Repeat every entry exactly. Do not include the pictures.

*** EXCERPTED RECORDS

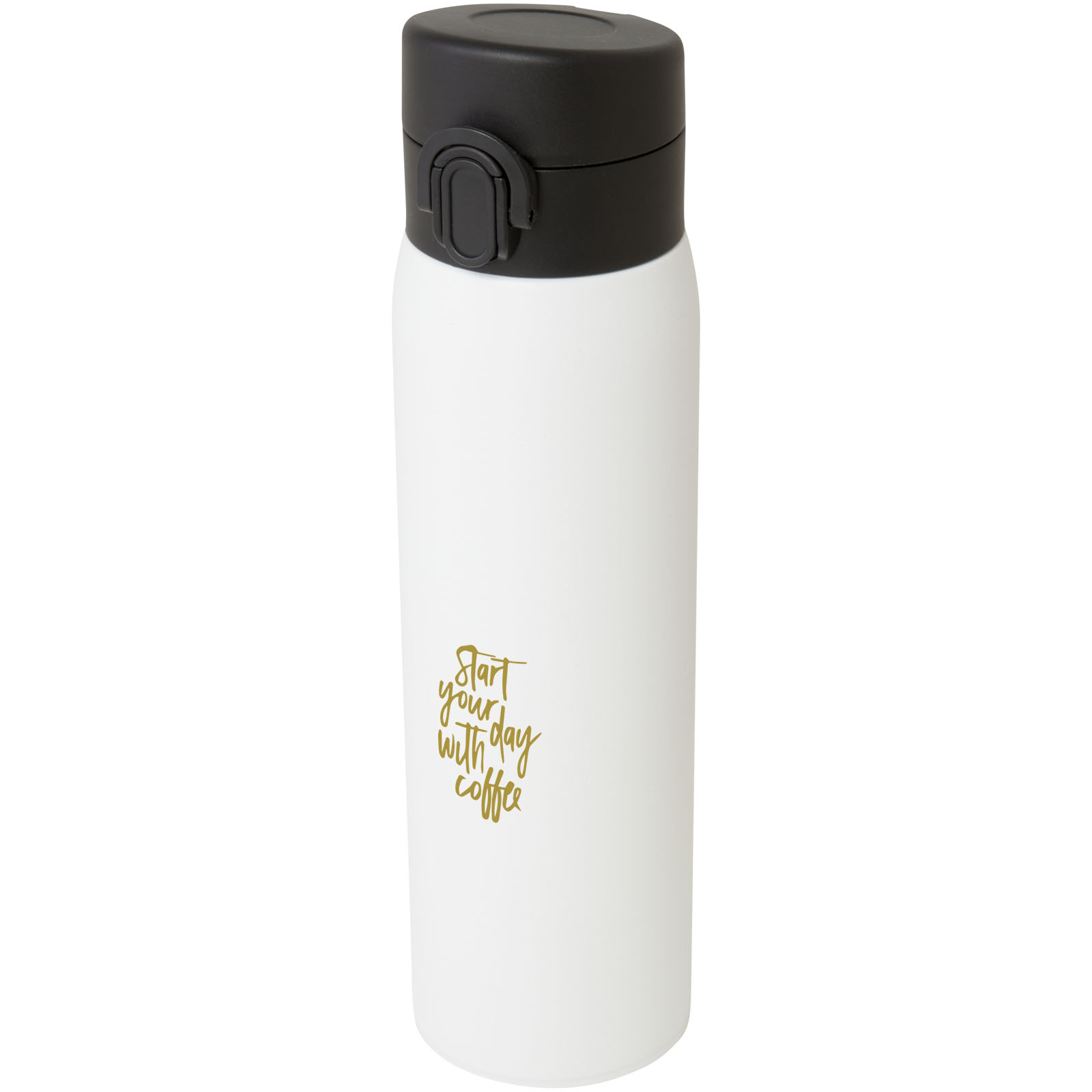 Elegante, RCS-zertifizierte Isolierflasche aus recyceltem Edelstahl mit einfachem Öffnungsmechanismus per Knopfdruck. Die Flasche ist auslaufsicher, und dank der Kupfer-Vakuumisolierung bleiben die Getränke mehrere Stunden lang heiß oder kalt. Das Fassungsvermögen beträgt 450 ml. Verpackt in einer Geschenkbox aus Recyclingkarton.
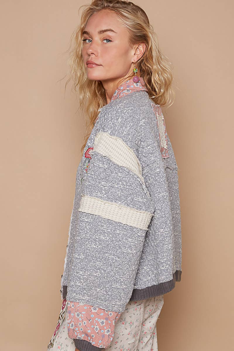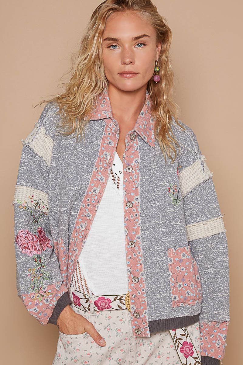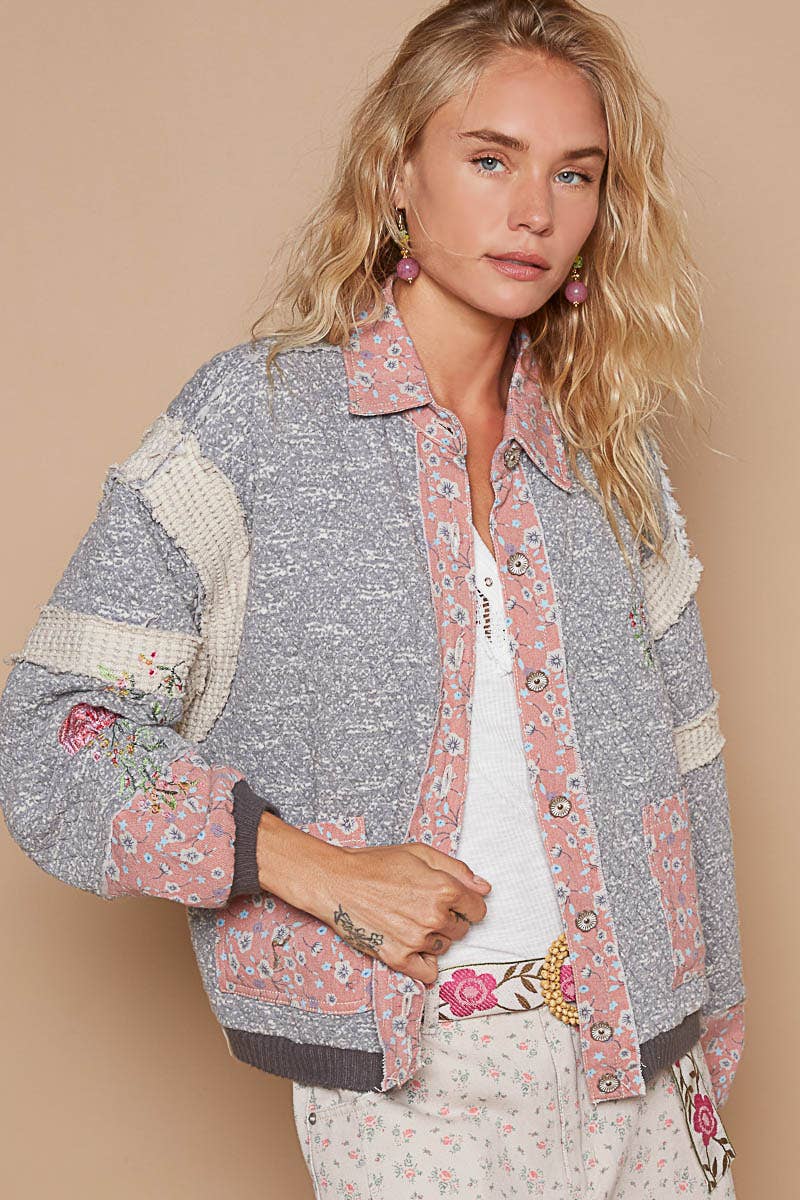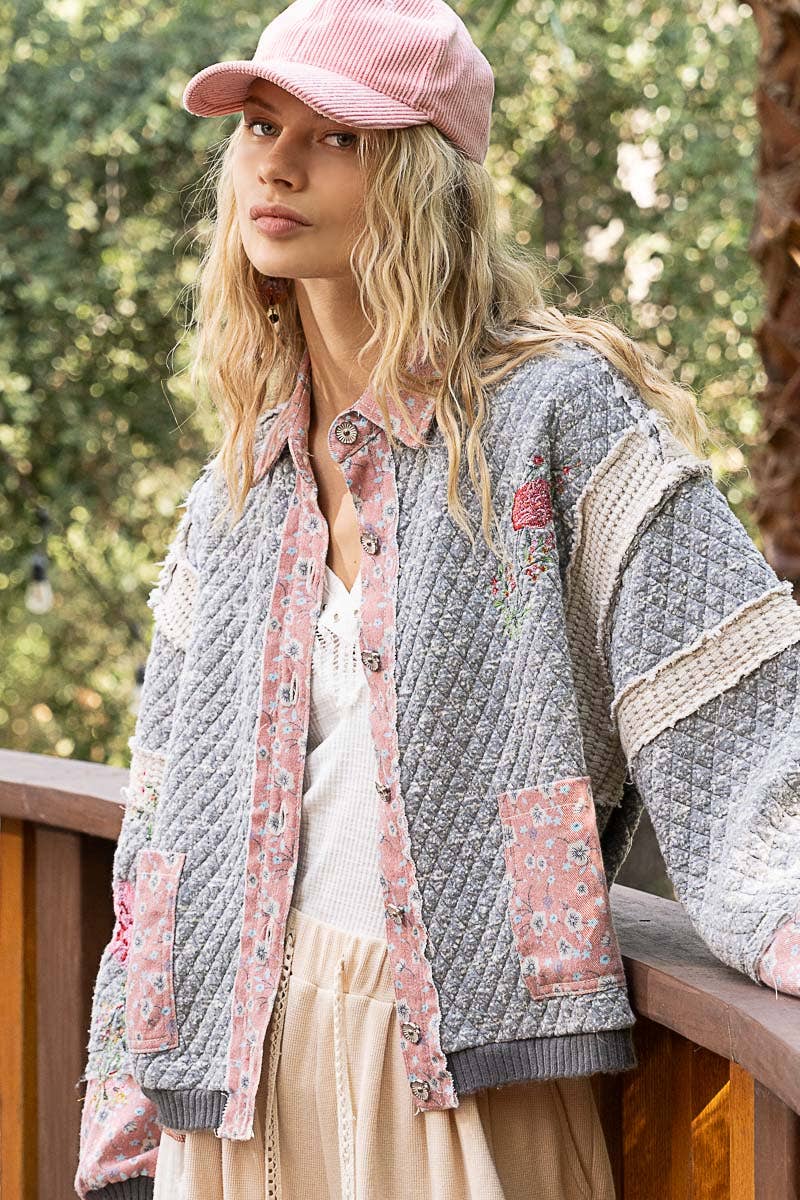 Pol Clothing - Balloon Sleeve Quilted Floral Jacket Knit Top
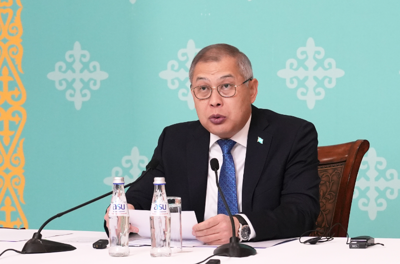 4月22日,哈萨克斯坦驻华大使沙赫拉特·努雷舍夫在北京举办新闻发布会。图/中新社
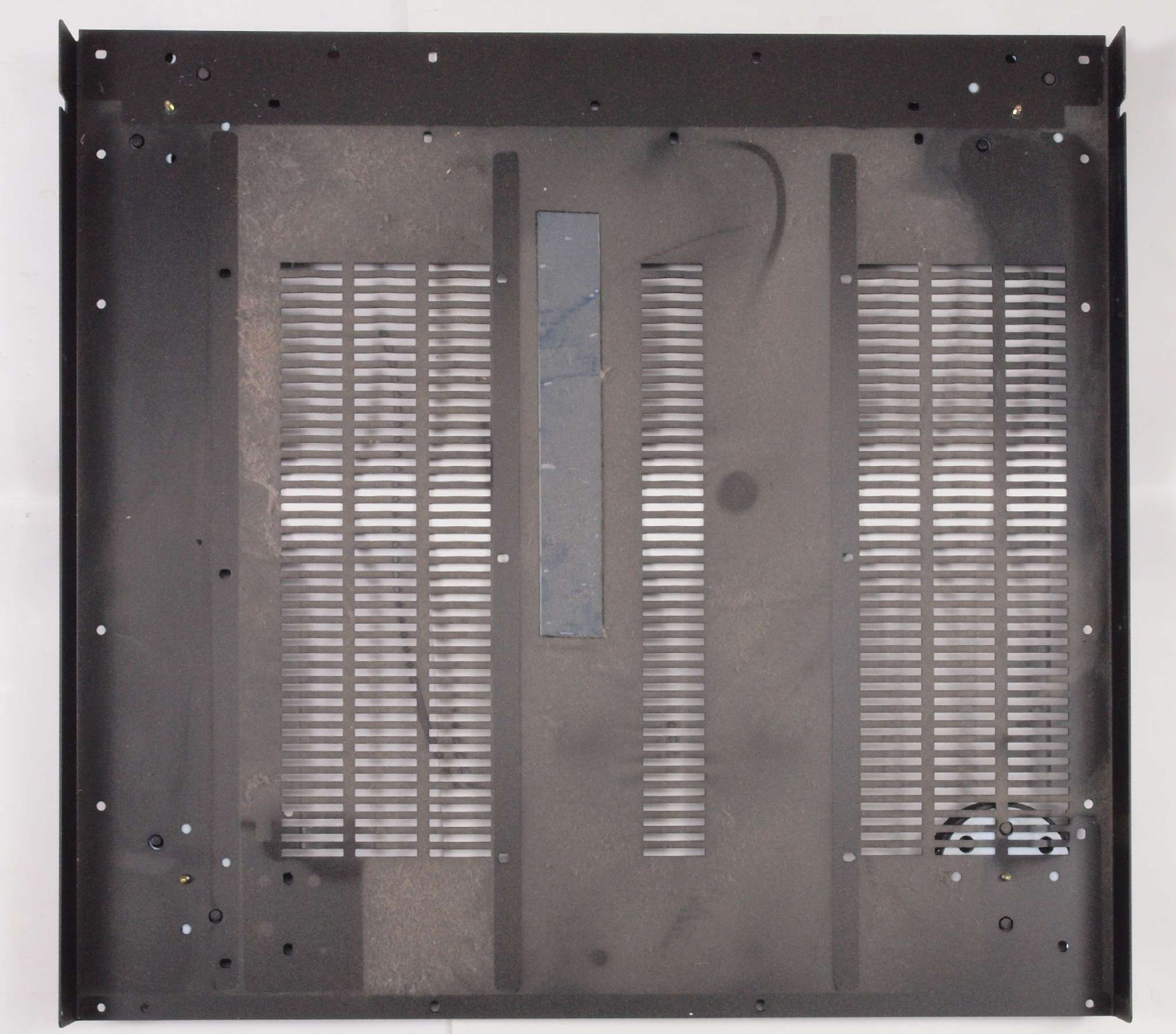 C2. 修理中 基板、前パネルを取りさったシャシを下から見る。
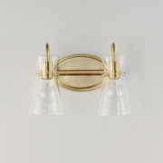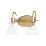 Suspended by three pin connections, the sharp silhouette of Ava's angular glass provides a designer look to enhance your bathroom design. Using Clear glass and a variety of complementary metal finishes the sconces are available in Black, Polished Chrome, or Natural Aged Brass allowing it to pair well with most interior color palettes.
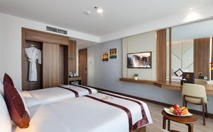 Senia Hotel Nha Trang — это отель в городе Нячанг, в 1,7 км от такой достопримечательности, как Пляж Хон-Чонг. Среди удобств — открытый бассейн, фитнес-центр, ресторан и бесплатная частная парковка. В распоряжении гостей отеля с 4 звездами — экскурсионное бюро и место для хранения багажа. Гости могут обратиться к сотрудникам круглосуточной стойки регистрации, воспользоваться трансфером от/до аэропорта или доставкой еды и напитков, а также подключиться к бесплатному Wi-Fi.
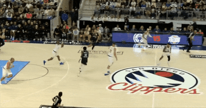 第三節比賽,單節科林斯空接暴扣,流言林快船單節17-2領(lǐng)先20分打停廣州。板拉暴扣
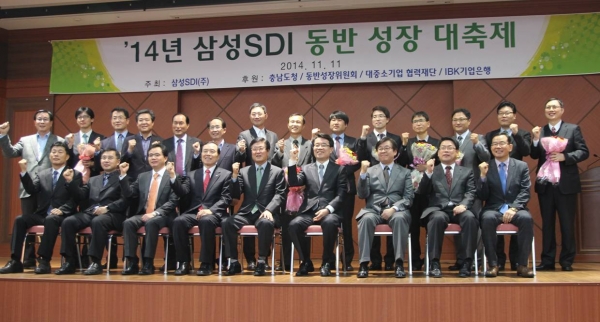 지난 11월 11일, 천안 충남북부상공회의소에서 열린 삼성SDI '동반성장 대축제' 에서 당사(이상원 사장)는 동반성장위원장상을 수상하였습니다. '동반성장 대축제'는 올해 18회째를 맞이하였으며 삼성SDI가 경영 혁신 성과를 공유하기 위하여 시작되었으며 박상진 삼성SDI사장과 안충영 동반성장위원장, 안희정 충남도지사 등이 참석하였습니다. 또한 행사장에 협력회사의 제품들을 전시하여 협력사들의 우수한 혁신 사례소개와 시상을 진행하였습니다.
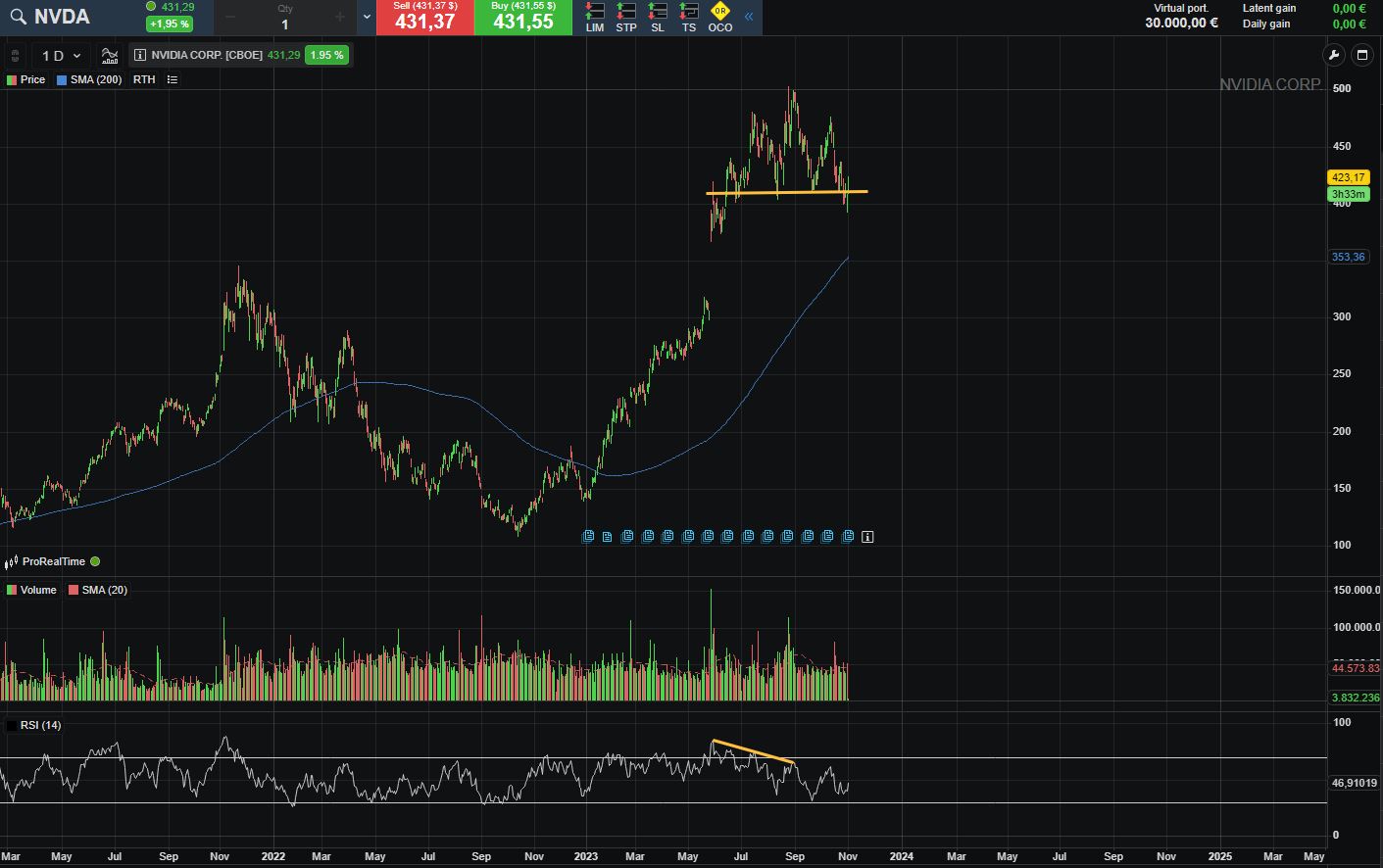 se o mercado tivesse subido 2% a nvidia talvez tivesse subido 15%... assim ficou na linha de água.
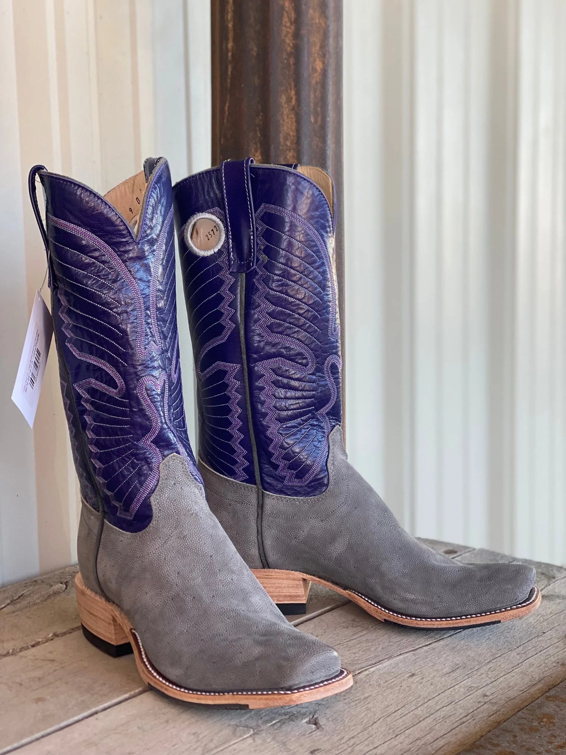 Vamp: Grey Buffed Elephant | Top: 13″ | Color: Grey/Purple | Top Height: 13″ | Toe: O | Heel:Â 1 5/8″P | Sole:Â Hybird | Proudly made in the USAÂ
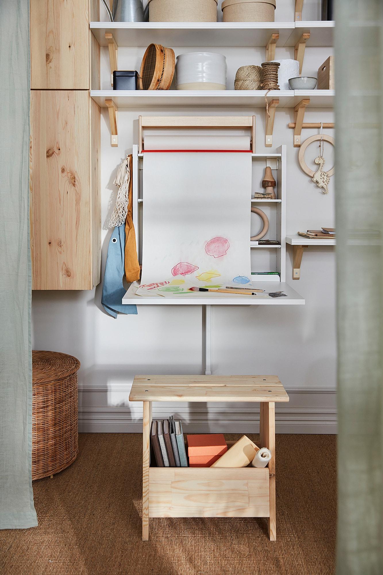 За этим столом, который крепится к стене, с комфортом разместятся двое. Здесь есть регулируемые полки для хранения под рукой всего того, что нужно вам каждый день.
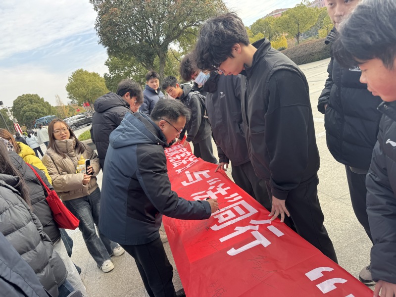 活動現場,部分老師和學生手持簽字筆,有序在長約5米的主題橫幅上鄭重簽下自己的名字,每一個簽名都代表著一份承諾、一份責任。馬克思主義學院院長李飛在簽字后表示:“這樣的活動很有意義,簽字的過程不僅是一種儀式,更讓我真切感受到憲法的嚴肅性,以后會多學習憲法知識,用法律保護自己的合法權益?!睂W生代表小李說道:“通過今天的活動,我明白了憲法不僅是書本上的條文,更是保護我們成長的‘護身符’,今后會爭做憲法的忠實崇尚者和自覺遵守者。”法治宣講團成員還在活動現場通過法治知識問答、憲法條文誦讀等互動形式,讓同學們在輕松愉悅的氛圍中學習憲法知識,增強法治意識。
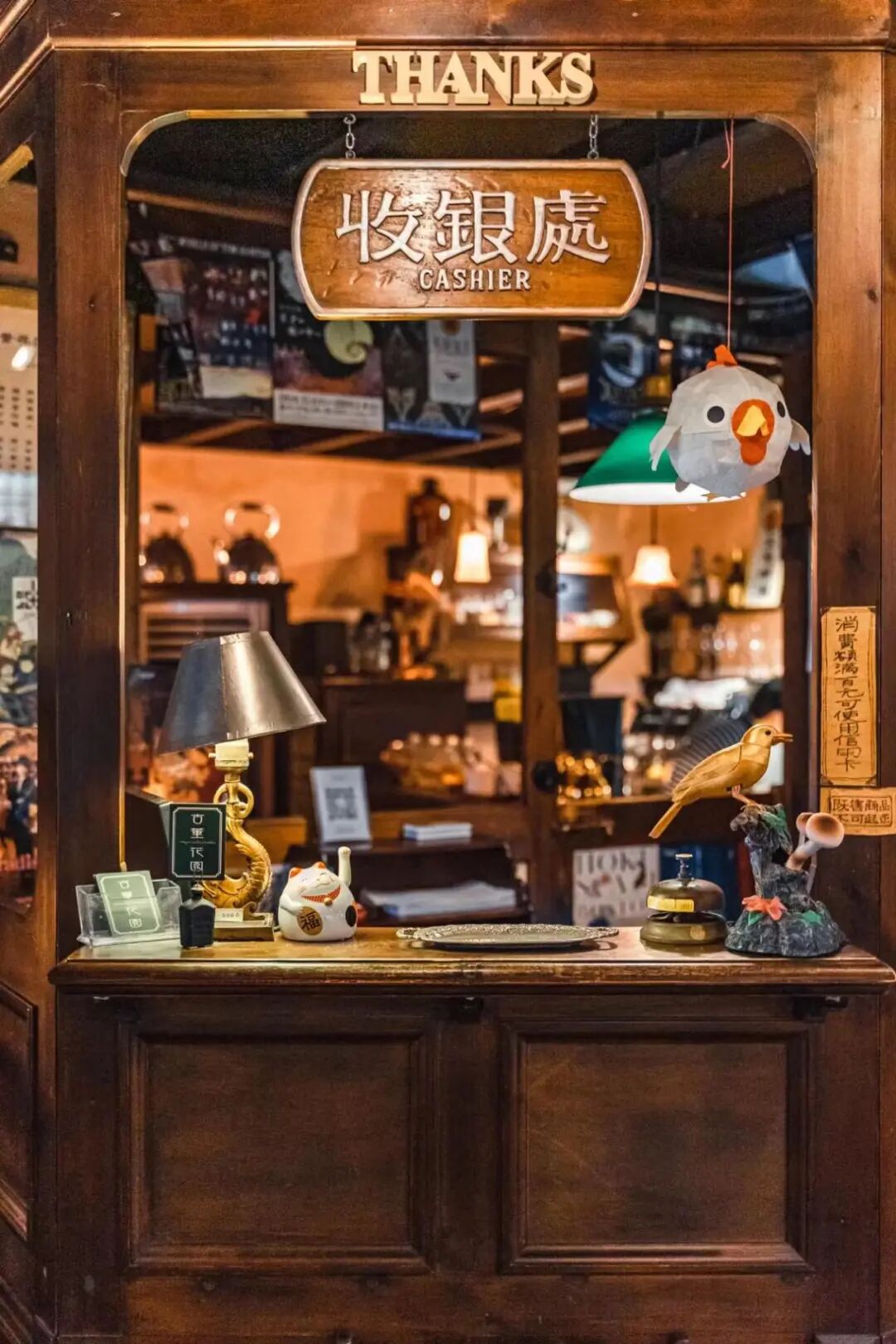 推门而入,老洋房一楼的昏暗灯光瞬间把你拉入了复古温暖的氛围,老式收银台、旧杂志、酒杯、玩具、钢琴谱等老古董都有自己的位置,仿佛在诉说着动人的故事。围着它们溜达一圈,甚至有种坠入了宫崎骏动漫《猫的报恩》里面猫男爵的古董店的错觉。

******

WRITTEN ANSWER:
 Elegante, RCS-zertifizierte Isolierflasche aus recyceltem Edelstahl mit einfachem Öffnungsmechanismus per Knopfdruck. Die Flasche ist auslaufsicher, und dank der Kupfer-Vakuumisolierung bleiben die Getränke mehrere Stunden lang heiß oder kalt. Das Fassungsvermögen beträgt 450 ml. Verpackt in einer Geschenkbox aus Recyclingkarton.
 Pol Clothing - Balloon Sleeve Quilted Floral Jacket Knit Top
 4月22日,哈萨克斯坦驻华大使沙赫拉特·努雷舍夫在北京举办新闻发布会。图/中新社
 C2. 修理中 基板、前パネルを取りさったシャシを下から見る。
 Suspended by three pin connections, the sharp silhouette of Ava's angular glass provides a designer look to enhance your bathroom design. Using Clear glass and a variety of complementary metal finishes the sconces are available in Black, Polished Chrome, or Natural Aged Brass allowing it to pair well with most interior color palettes.
 Senia Hotel Nha Trang — это отель в городе Нячанг, в 1,7 км от такой достопримечательности, как Пляж Хон-Чонг. Среди удобств — открытый бассейн, фитнес-центр, ресторан и бесплатная частная парковка. В распоряжении гостей отеля с 4 звездами — экскурсионное бюро и место для хранения багажа. Гости могут обратиться к сотрудникам круглосуточной стойки регистрации, воспользоваться трансфером от/до аэропорта или доставкой еды и напитков, а также подключиться к бесплатному Wi-Fi.
 第三節比賽,單節科林斯空接暴扣,流言林快船單節17-2領(lǐng)先20分打停廣州。板拉暴扣
 지난 11월 11일, 천안 충남북부상공회의소에서 열린 삼성SDI '동반성장 대축제' 에서 당사(이상원 사장)는 동반성장위원장상을 수상하였습니다. '동반성장 대축제'는 올해 18회째를 맞이하였으며 삼성SDI가 경영 혁신 성과를 공유하기 위하여 시작되었으며 박상진 삼성SDI사장과 안충영 동반성장위원장, 안희정 충남도지사 등이 참석하였습니다. 또한 행사장에 협력회사의 제품들을 전시하여 협력사들의 우수한 혁신 사례소개와 시상을 진행하였습니다.
 se o mercado tivesse subido 2% a nvidia talvez tivesse subido 15%... assim ficou na linha de água.
 Vamp: Grey Buffed Elephant | Top: 13″ | Color: Grey/Purple | Top Height: 13″ | Toe: O | Heel:Â 1 5/8″P | Sole:Â Hybird | Proudly made in the USAÂ
 За этим столом, который крепится к стене, с комфортом разместятся двое. Здесь есть регулируемые полки для хранения под рукой всего того, что нужно вам каждый день.
 活動現場,部分老師和學生手持簽字筆,有序在長約5米的主題橫幅上鄭重簽下自己的名字,每一個簽名都代表著一份承諾、一份責任。馬克思主義學院院長李飛在簽字后表示:“這樣的活動很有意義,簽字的過程不僅是一種儀式,更讓我真切感受到憲法的嚴肅性,以后會多學習憲法知識,用法律保護自己的合法權益?!睂W生代表小李說道:“通過今天的活動,我明白了憲法不僅是書本上的條文,更是保護我們成長的‘護身符’,今后會爭做憲法的忠實崇尚者和自覺遵守者。”法治宣講團成員還在活動現場通過法治知識問答、憲法條文誦讀等互動形式,讓同學們在輕松愉悅的氛圍中學習憲法知識,增強法治意識。
 推门而入,老洋房一楼的昏暗灯光瞬间把你拉入了复古温暖的氛围,老式收银台、旧杂志、酒杯、玩具、钢琴谱等老古董都有自己的位置,仿佛在诉说着动人的故事。围着它们溜达一圈,甚至有种坠入了宫崎骏动漫《猫的报恩》里面猫男爵的古董店的错觉。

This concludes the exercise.